* _TASK STATEMENT_:
Using the data that follows, return exactly the lines from the one that contains "Ко Дню защиты" through the one that contains "京都市児童福祉センターの連携", ends included.

* _RECORDS PROVIDED_:
——————————

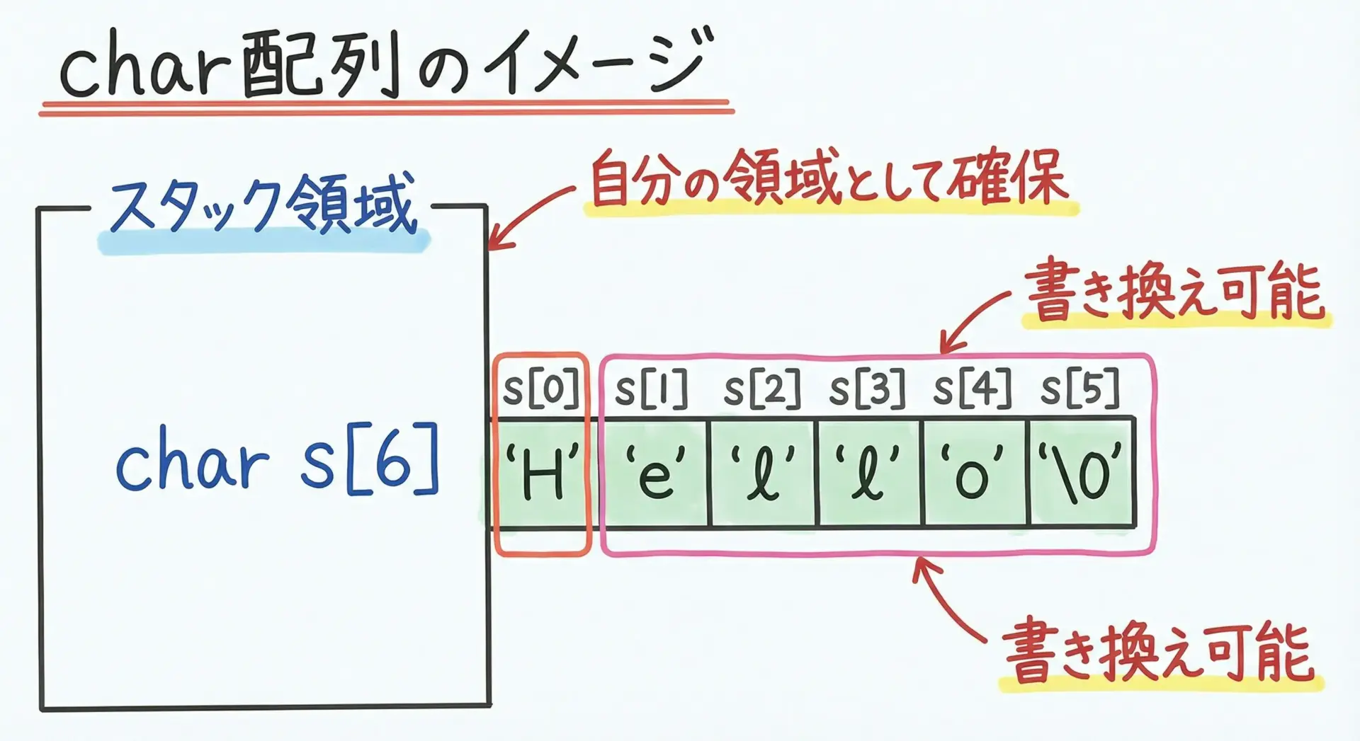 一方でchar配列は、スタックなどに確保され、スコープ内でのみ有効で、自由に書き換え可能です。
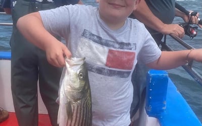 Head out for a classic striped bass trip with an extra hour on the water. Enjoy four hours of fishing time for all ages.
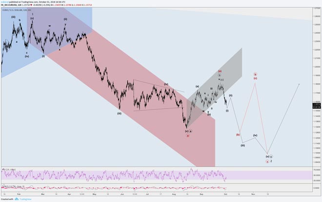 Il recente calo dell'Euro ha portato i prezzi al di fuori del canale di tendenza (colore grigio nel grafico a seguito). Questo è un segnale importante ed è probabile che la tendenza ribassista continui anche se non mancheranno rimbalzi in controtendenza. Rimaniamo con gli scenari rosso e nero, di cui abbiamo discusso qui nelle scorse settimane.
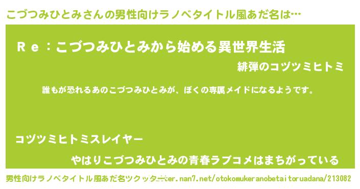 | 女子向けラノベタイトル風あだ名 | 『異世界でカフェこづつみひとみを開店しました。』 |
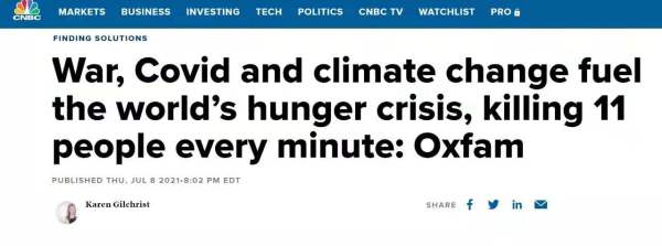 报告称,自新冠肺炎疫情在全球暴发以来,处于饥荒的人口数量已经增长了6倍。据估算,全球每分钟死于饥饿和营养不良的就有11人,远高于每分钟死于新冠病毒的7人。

——————————

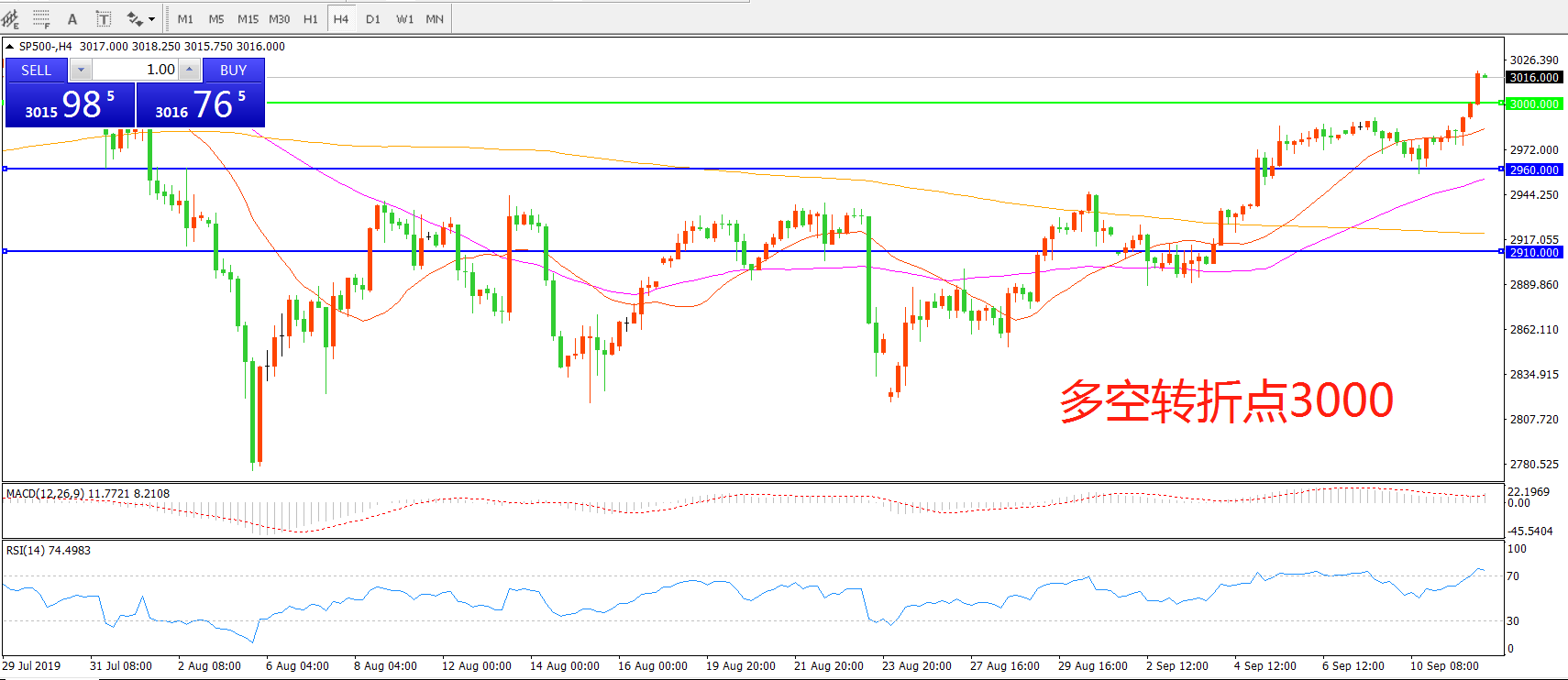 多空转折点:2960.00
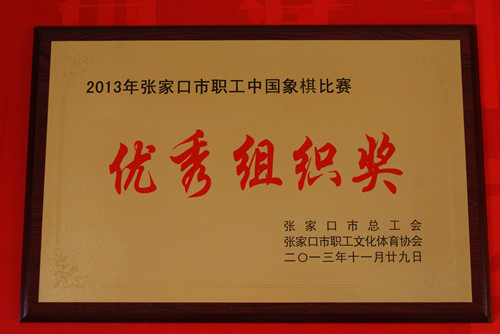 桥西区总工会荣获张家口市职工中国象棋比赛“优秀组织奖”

——————————

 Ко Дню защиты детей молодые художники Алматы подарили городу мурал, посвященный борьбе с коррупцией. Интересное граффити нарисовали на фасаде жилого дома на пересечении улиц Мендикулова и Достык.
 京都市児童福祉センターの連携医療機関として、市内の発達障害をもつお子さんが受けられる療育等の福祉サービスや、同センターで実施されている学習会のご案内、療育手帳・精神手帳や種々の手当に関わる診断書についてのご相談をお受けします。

——————————

* _ANSWER BOX_:
 Ко Дню защиты детей молодые художники Алматы подарили городу мурал, посвященный борьбе с коррупцией. Интересное граффити нарисовали на фасаде жилого дома на пересечении улиц Мендикулова и Достык.
 京都市児童福祉センターの連携医療機関として、市内の発達障害をもつお子さんが受けられる療育等の福祉サービスや、同センターで実施されている学習会のご案内、療育手帳・精神手帳や種々の手当に関わる診断書についてのご相談をお受けします。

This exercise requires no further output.